The non-profit organisation Médecins sans frontières has criticised the European Union for what it says are “empty promises” regarding equal distribution of Covid-19 vaccines across the world.
“The EU likes to portray itself as a champion of vaccine equity, but the gap between those beautiful words and its actions is embarrassingly wide,” said Dr. Christos Christou, president of Médecins Sans Frontières (MSF), in a statement.
The criticism comes in the wake of EU Commission President Von der Leyen’s State of the European Union address on 15 September, in which she underlined the importance of global access to vaccines in order to end the coronavirus pandemic.
But MSF says such words are little more than hot air.
“The EU continues to block initiatives to help other countries produce their own vaccines and therapeutics and has not shared promised vaccine doses on time,” said Christou.
“Consequently, many countries are facing dramatic shortages of COVID-19 vaccines. In low-income countries, only 1.1 percent of the population has received at least one dose.”
MSF isn’t alone in its criticism of the EU.
The World Health Organization (WHO) has been calling on both vaccine manufacturers and Member States to better support the international COVAX initiative, a programme aimed at securing at least 1.8 billion vaccine doses for 92 low and middle income countries.
The WHO has asked Covid-19 vaccine manufacturers to make half of their production of doses available to COVAX this year.
WHO Director-General Dr. Tedros Adhanom Ghebreyesus denounced the “scandalous inequality” of access to vaccines in the world, which he said “perpetuates the pandemic.”
According to the European Commission, the EU has exported about half of the vaccines produced in Europe to other countries in the world in addition to donating around €3 billion to the COVAX programme.
But MSF says that “by pre-booking billions of doses of COVID-19 vaccines outside of COVAX, the EU and other high-income countries have side-lined the mechanism. As a result, COVAX has been left without purchase options and highly reliant on ad-hoc charitable donations of doses.”
The gap between the EU’s beautiful rhetoric about stopping the COVID-19 pandemic & its actions is embarrassingly wide.https://t.co/piJ4QCSq4c
— Christos Christou (@DrChristou) September 15, 2021
Complicating matters is the EU’s refusal to recognise WHO-approved vaccines produced in these lower and middle-income countries when it comes to its Digital Covid-19 Certificate, which MSF says only further compounds global inequities and vaccine hesitancy.

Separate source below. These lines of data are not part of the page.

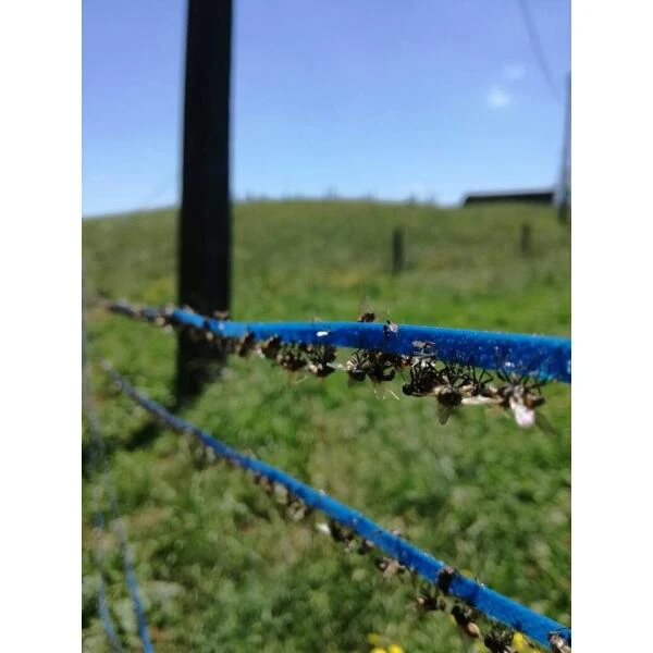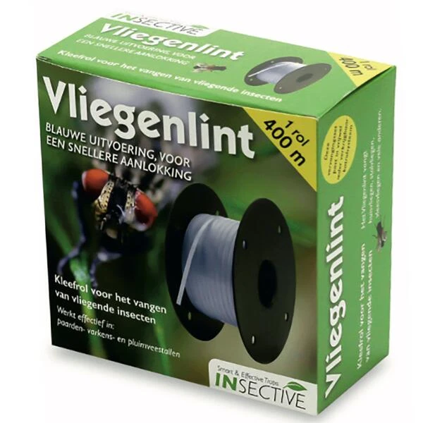 Gifvrij vliegenlint voor het vangen van vliegen in stallen, melklokalen, schuren,… Deze rol heeft een blauw lint om meer aantrekkingskracht uit te oefenen op vliegen.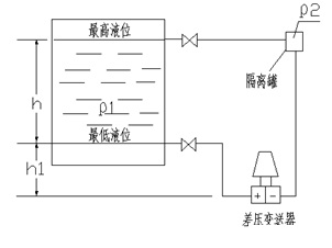 壓力式液位計采用靜壓測量原理,當液位變送器投入到被測液體中某一深度時,傳感器迎液面受到的壓力的同時,通過導氣不銹鋼將液體的壓力引入到傳感器的正壓腔,再將液面上的大氣壓 Po 與傳感器的負壓腔相連,以抵消傳感器背面的 Po ,使傳感器測得壓力為:ρ.g.H ,通過測取壓力 P,可以得到液位深度。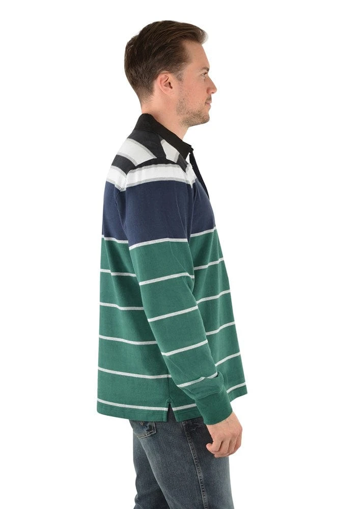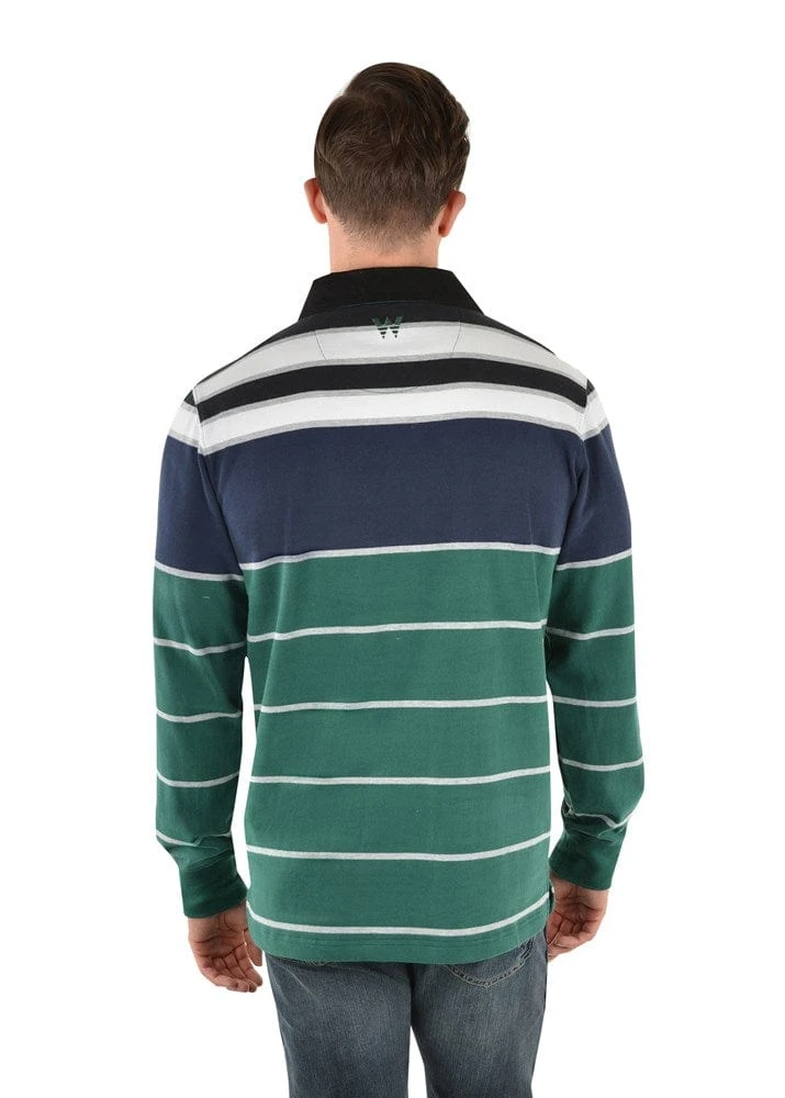 Heavyweight jersey knit rugby, Wrangler iconic logo chest embroidery, concealed buttons on centre front placket, cotton drill collar with contrast underside, herringbone tape on inside side seam splits, rib trim cuffs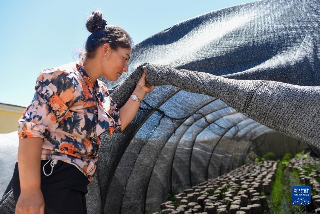 在新疆烏什縣依麻木鎮(zhèn),在新疆維吾爾自治區(qū)黨委組織部、老干部局駐托萬克麥蓋提村“訪民情惠民生聚民心”工作隊的幫助下,不少村民通過培植木耳增收致富(2022年6月7日攝)。新華社記者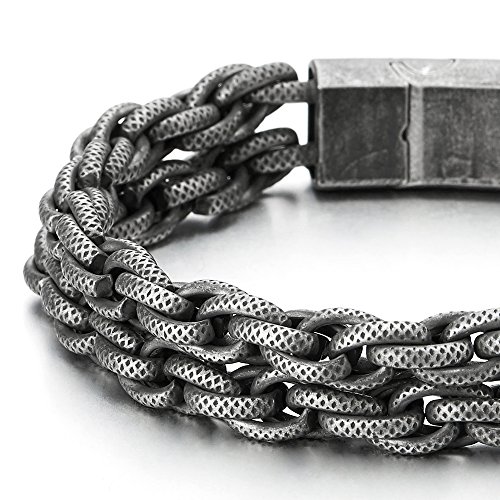 COOLSTEELANDBEYOND Nuovo Stile Uomo Acciaio Inossidabile Bracciale Intrecciata Collegamento Chain Braccialetto, Finitura Ruvida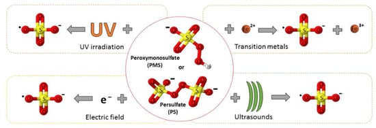 In recent years, a great effort has been made to develop more friendly strategies to overcome this environment problem [,,]. Advanced Oxidation Processes (AOPs) are known to be powerful procedures for the elimination of complex organic contaminants that the traditional processes are not capable to remove. These methods are based on the in situ production of mighty oxidants, such as hydroxyl radicals (HO•), which attack the pollutants until their mineralization []. Lately, sulfate radicals-based technology has drawn the attention of scientific community [,]. This is because the sulfate radicals (SO4•−), at neutral pH, show a reduction potential (2.5–3.1 V) higher than hydroxyl radicals (1.8–2.7 V), being more selective for oxidation. Likewise, they have a larger pH range (2.0–8.0) and considerably longer half-life period []. Sulfate radicals can be produced through activation of persulfate (S2O82−; PS) or peroxymonosulfate (HSO5−; PMS). Up to date, it has been reported in literature that several systems are able to produce the activation of these species, such as the presence of transition metals, conduction electron, UV irradiation, ultrasound, and so on [,]. Figure 1 shows some of these processes.

“The EU seems set on prioritising the interests of its own pharmaceutical industry over delivering the widest health benefits and meeting the global medical needs caused by the pandemic,” said Christou.
“As a result, a large part of the global population remains unvaccinated, potentially allowing new variants of the virus to emerge, which may undermine vaccine efficacy and spread to Europe and beyond, spurring the need to ensure access to therapeutics at the same time.”
So far, COVAX has distributed just 250 million vaccines, far short of its two billion dose target.
And while MSF acknowledges that the EU has stepped up its commitment to share doses, they say that more than 90 percent of the doses promised remain undelivered as the end of the year fast approaches.
They say that the EU is also making matters worse when it comes to the debates over sharing technologies and intellectual property rights for vaccines.
“It has not openly supported initiatives at the WHO for the voluntary sharing of these technologies and intellectual property rights,” MSF said in a statement.
“Most famously, the EU is one of the main opponents of, and has actively derailed the negotiation process towards, the TRIPS waiver, a proposal at the World Trade Organization (WTO) to allow countries to temporarily lift certain intellectual property rights to produce lifesaving COVID-19 medical tools such as vaccines.”
The non-profit says that if the EU is to truly promote vaccine equity, they need to stop blocking the TRIPS waiver at the WTO, ensure vaccine technologies are shared in lower and middle income countries, provide financial and technical assistance for production and supply, and speed up the donations to COVAX.
“It’s time for the EU to finally get serious about making COVID-19 vaccines accessible wherever they are needed,” the organisation said.